The driver’s IOAudioDevice object fulfills other functions. It controls access to the audio hardware to ensure, in the driver’s multithreaded environment, that the hardware doesn’t get into an inconsistent state. Toward this end, the IOAudioDevice superclass provides a separate work loop (IOWorkLoop) and a command gate (IOCommandGate) to synchronize access by all objects in the driver. All other objects in the driver—IOAudioEngine, IOAudioStream, and IOAudioControl—contain references to the IOAudioDevice’s work loop and the command gate as instance variables. All Audio family classes take care of executing I/O and hardware-related code on the command gate for all calls into the driver that they know about. Generally, drivers should ensure that all I/O and hardware-specific operations are executed with the command gate closed.

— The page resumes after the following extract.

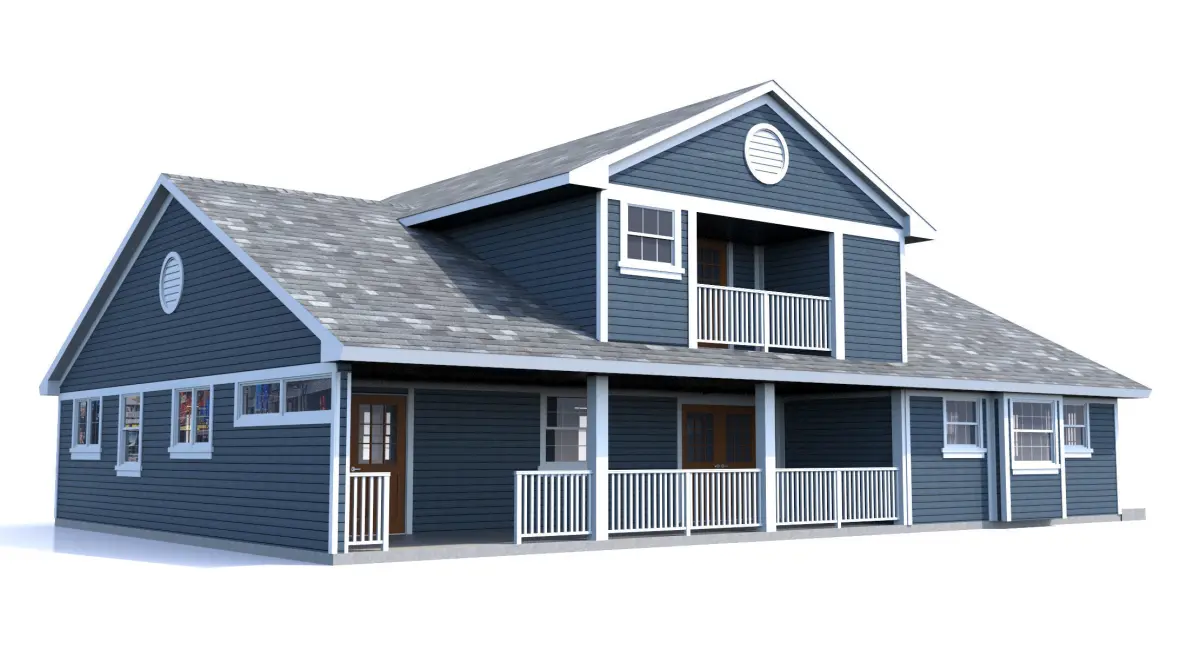 Two story Home w. Blue Siding and White trim & GarageLow Poly High Detail model

IOAudioDevice also offers timer services to the audio driver. These services allow different objects within the driver to receive notifications that are guaranteed to be delivered at the requested timer interval, if not sooner. Different target objects can register for timer callbacks at a specific interval; however, IOAudioDevice makes the actual timer interval the smallest of those requested.

The idea behind this design is that there is no harm in having timed events in an audio driver occur sooner than requested. By coalescing the callback intervals, the Audio family obviates the overhead of multiple timers in a single driver.

In some cases, however, this may result in unexpected behavior if you make assumptions based on the amount of time elapsed, such as assuming that the hardware has played a certain number of samples. You should thus always make certain to test to make sure conditions are appropriate before performing such operations.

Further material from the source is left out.